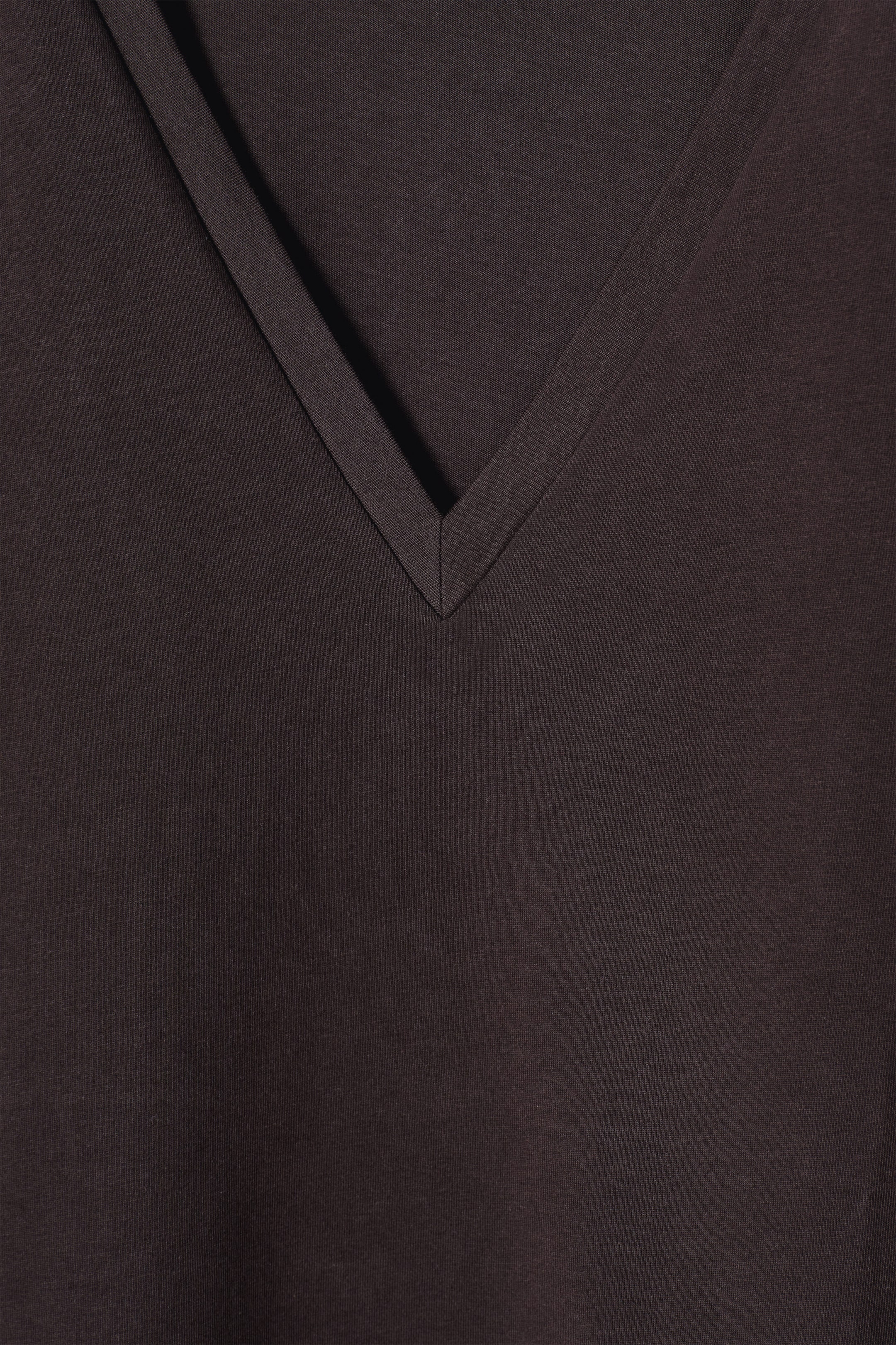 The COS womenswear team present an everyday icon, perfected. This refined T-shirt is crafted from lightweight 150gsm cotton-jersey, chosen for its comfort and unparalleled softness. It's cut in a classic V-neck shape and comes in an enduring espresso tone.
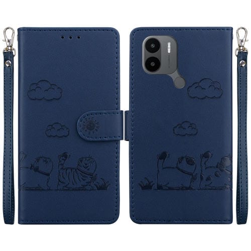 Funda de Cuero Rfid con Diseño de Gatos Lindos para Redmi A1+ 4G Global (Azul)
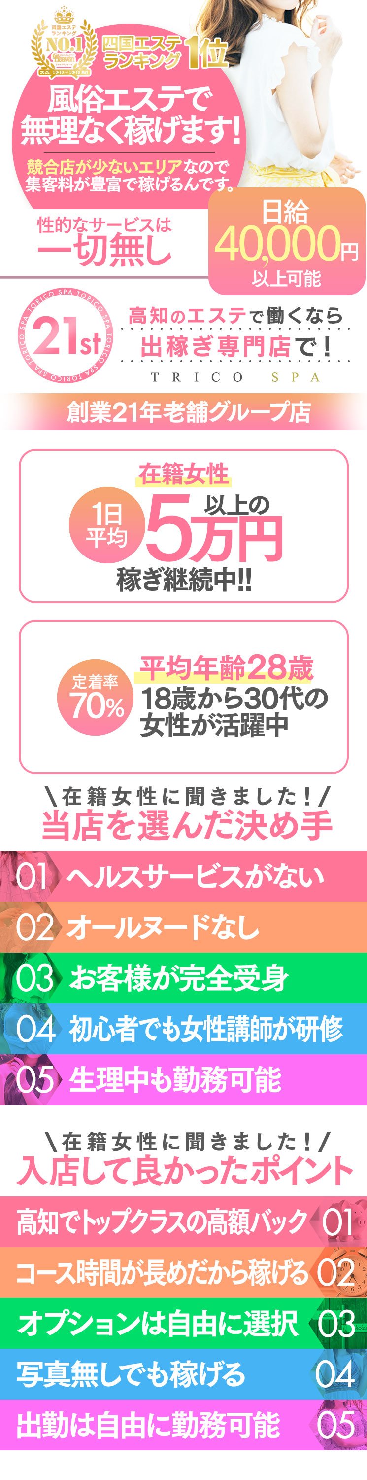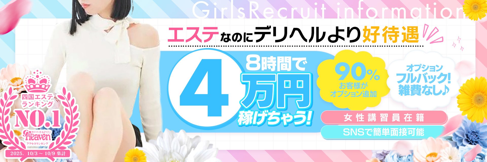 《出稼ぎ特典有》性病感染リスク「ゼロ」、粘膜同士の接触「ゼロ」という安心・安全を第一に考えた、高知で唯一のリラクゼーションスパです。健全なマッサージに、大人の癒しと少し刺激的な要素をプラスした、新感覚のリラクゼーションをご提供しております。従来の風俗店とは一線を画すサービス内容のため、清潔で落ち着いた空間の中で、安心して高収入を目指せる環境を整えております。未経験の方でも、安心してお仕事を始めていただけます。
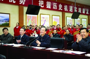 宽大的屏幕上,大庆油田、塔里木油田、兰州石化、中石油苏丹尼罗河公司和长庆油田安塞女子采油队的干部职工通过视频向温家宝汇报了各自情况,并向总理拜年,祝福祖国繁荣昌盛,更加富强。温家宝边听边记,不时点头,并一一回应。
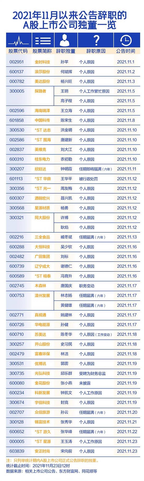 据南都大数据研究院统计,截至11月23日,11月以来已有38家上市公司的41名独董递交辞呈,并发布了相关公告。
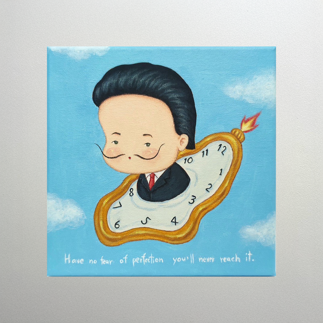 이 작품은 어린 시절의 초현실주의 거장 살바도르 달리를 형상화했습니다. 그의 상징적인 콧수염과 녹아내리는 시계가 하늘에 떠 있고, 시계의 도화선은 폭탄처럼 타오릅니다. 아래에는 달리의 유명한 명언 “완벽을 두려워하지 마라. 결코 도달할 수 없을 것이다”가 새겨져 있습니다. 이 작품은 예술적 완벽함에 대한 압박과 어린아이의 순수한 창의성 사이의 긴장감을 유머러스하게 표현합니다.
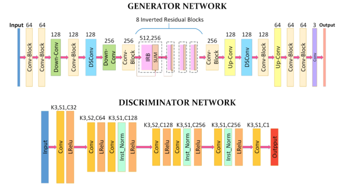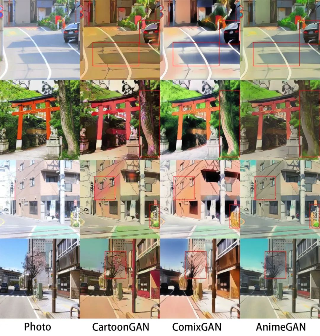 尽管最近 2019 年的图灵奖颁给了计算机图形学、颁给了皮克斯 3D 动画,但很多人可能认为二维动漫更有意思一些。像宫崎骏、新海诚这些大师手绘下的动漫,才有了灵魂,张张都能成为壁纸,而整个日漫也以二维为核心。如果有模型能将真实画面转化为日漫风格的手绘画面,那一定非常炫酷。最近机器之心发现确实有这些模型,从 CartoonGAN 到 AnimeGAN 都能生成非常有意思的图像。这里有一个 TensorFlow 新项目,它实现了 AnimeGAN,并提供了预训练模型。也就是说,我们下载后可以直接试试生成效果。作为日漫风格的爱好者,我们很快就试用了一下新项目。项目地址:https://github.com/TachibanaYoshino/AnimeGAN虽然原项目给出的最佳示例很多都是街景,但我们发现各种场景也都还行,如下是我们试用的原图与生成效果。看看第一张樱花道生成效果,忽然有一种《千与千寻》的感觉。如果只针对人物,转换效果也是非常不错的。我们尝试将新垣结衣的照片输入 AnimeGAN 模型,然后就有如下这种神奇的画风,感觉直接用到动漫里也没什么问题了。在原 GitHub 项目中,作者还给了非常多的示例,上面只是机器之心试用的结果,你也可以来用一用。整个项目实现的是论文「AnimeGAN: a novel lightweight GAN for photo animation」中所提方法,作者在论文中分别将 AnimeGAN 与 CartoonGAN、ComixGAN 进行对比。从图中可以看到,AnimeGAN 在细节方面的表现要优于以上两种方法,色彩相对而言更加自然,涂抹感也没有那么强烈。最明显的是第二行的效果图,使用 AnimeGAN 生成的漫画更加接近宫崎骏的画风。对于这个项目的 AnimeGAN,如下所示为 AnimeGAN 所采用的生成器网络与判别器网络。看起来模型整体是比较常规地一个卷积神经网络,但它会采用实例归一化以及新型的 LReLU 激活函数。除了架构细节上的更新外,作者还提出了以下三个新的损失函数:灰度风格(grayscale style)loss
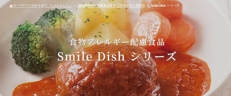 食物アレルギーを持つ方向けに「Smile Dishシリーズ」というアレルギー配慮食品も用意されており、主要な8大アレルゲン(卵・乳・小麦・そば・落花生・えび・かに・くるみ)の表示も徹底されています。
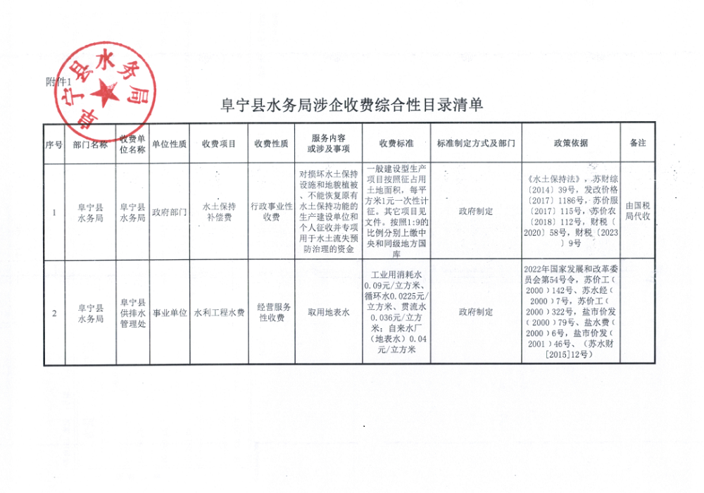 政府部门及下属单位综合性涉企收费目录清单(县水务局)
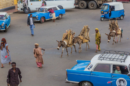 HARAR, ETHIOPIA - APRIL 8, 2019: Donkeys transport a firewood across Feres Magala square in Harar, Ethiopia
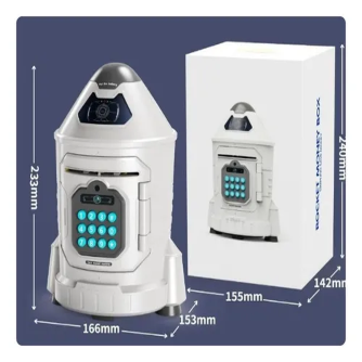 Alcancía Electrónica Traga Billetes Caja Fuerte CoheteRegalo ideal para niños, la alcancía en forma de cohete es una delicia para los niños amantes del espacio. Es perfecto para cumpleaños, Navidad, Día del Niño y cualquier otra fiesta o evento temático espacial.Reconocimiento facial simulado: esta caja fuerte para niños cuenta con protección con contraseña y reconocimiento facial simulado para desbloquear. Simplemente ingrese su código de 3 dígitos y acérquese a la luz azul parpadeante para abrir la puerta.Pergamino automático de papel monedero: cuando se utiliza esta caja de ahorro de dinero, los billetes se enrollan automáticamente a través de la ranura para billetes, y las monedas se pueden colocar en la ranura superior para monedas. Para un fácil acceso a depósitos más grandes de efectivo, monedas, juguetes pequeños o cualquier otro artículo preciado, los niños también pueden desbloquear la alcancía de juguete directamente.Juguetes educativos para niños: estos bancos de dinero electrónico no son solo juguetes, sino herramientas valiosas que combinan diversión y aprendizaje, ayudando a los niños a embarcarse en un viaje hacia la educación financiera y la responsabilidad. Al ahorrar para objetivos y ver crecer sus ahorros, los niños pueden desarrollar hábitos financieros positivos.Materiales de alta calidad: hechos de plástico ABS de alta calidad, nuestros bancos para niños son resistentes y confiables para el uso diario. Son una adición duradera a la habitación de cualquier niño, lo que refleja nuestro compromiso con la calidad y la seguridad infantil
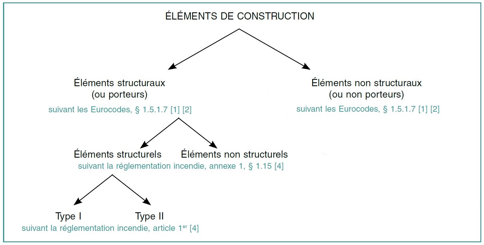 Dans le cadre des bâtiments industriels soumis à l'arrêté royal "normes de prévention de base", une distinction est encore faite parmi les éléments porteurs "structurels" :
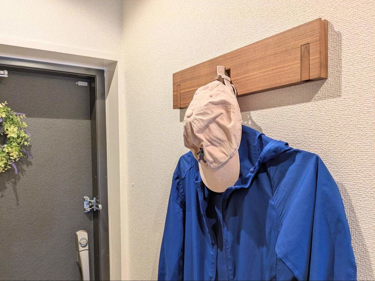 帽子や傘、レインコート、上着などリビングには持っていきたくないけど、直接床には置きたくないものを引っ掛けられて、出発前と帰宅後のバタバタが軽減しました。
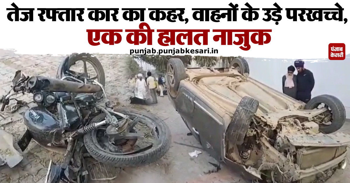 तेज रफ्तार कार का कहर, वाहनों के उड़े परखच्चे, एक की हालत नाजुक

-- TO DO --
Write out all of the records above. Keep them exact and leave out the pictures.

-- TASK RESULT --
 The COS womenswear team present an everyday icon, perfected. This refined T-shirt is crafted from lightweight 150gsm cotton-jersey, chosen for its comfort and unparalleled softness. It's cut in a classic V-neck shape and comes in an enduring espresso tone.
 Funda de Cuero Rfid con Diseño de Gatos Lindos para Redmi A1+ 4G Global (Azul)
 《出稼ぎ特典有》性病感染リスク「ゼロ」、粘膜同士の接触「ゼロ」という安心・安全を第一に考えた、高知で唯一のリラクゼーションスパです。健全なマッサージに、大人の癒しと少し刺激的な要素をプラスした、新感覚のリラクゼーションをご提供しております。従来の風俗店とは一線を画すサービス内容のため、清潔で落ち着いた空間の中で、安心して高収入を目指せる環境を整えております。未経験の方でも、安心してお仕事を始めていただけます。
 宽大的屏幕上,大庆油田、塔里木油田、兰州石化、中石油苏丹尼罗河公司和长庆油田安塞女子采油队的干部职工通过视频向温家宝汇报了各自情况,并向总理拜年,祝福祖国繁荣昌盛,更加富强。温家宝边听边记,不时点头,并一一回应。
 据南都大数据研究院统计,截至11月23日,11月以来已有38家上市公司的41名独董递交辞呈,并发布了相关公告。
 이 작품은 어린 시절의 초현실주의 거장 살바도르 달리를 형상화했습니다. 그의 상징적인 콧수염과 녹아내리는 시계가 하늘에 떠 있고, 시계의 도화선은 폭탄처럼 타오릅니다. 아래에는 달리의 유명한 명언 “완벽을 두려워하지 마라. 결코 도달할 수 없을 것이다”가 새겨져 있습니다. 이 작품은 예술적 완벽함에 대한 압박과 어린아이의 순수한 창의성 사이의 긴장감을 유머러스하게 표현합니다.
 尽管最近 2019 年的图灵奖颁给了计算机图形学、颁给了皮克斯 3D 动画,但很多人可能认为二维动漫更有意思一些。像宫崎骏、新海诚这些大师手绘下的动漫,才有了灵魂,张张都能成为壁纸,而整个日漫也以二维为核心。如果有模型能将真实画面转化为日漫风格的手绘画面,那一定非常炫酷。最近机器之心发现确实有这些模型,从 CartoonGAN 到 AnimeGAN 都能生成非常有意思的图像。这里有一个 TensorFlow 新项目,它实现了 AnimeGAN,并提供了预训练模型。也就是说,我们下载后可以直接试试生成效果。作为日漫风格的爱好者,我们很快就试用了一下新项目。项目地址:https://github.com/TachibanaYoshino/AnimeGAN虽然原项目给出的最佳示例很多都是街景,但我们发现各种场景也都还行,如下是我们试用的原图与生成效果。看看第一张樱花道生成效果,忽然有一种《千与千寻》的感觉。如果只针对人物,转换效果也是非常不错的。我们尝试将新垣结衣的照片输入 AnimeGAN 模型,然后就有如下这种神奇的画风,感觉直接用到动漫里也没什么问题了。在原 GitHub 项目中,作者还给了非常多的示例,上面只是机器之心试用的结果,你也可以来用一用。整个项目实现的是论文「AnimeGAN: a novel lightweight GAN for photo animation」中所提方法,作者在论文中分别将 AnimeGAN 与 CartoonGAN、ComixGAN 进行对比。从图中可以看到,AnimeGAN 在细节方面的表现要优于以上两种方法,色彩相对而言更加自然,涂抹感也没有那么强烈。最明显的是第二行的效果图,使用 AnimeGAN 生成的漫画更加接近宫崎骏的画风。对于这个项目的 AnimeGAN,如下所示为 AnimeGAN 所采用的生成器网络与判别器网络。看起来模型整体是比较常规地一个卷积神经网络,但它会采用实例归一化以及新型的 LReLU 激活函数。除了架构细节上的更新外,作者还提出了以下三个新的损失函数:灰度风格(grayscale style)loss
 食物アレルギーを持つ方向けに「Smile Dishシリーズ」というアレルギー配慮食品も用意されており、主要な8大アレルゲン(卵・乳・小麦・そば・落花生・えび・かに・くるみ)の表示も徹底されています。
 政府部门及下属单位综合性涉企收费目录清单(县水务局)
 HARAR, ETHIOPIA - APRIL 8, 2019: Donkeys transport a firewood across Feres Magala square in Harar, Ethiopia
 Alcancía Electrónica Traga Billetes Caja Fuerte CoheteRegalo ideal para niños, la alcancía en forma de cohete es una delicia para los niños amantes del espacio. Es perfecto para cumpleaños, Navidad, Día del Niño y cualquier otra fiesta o evento temático espacial.Reconocimiento facial simulado: esta caja fuerte para niños cuenta con protección con contraseña y reconocimiento facial simulado para desbloquear. Simplemente ingrese su código de 3 dígitos y acérquese a la luz azul parpadeante para abrir la puerta.Pergamino automático de papel monedero: cuando se utiliza esta caja de ahorro de dinero, los billetes se enrollan automáticamente a través de la ranura para billetes, y las monedas se pueden colocar en la ranura superior para monedas. Para un fácil acceso a depósitos más grandes de efectivo, monedas, juguetes pequeños o cualquier otro artículo preciado, los niños también pueden desbloquear la alcancía de juguete directamente.Juguetes educativos para niños: estos bancos de dinero electrónico no son solo juguetes, sino herramientas valiosas que combinan diversión y aprendizaje, ayudando a los niños a embarcarse en un viaje hacia la educación financiera y la responsabilidad. Al ahorrar para objetivos y ver crecer sus ahorros, los niños pueden desarrollar hábitos financieros positivos.Materiales de alta calidad: hechos de plástico ABS de alta calidad, nuestros bancos para niños son resistentes y confiables para el uso diario. Son una adición duradera a la habitación de cualquier niño, lo que refleja nuestro compromiso con la calidad y la seguridad infantil
 Dans le cadre des bâtiments industriels soumis à l'arrêté royal "normes de prévention de base", une distinction est encore faite parmi les éléments porteurs "structurels" :
 帽子や傘、レインコート、上着などリビングには持っていきたくないけど、直接床には置きたくないものを引っ掛けられて、出発前と帰宅後のバタバタが軽減しました。
 तेज रफ्तार कार का कहर, वाहनों के उड़े परखच्चे, एक की हालत नाजुक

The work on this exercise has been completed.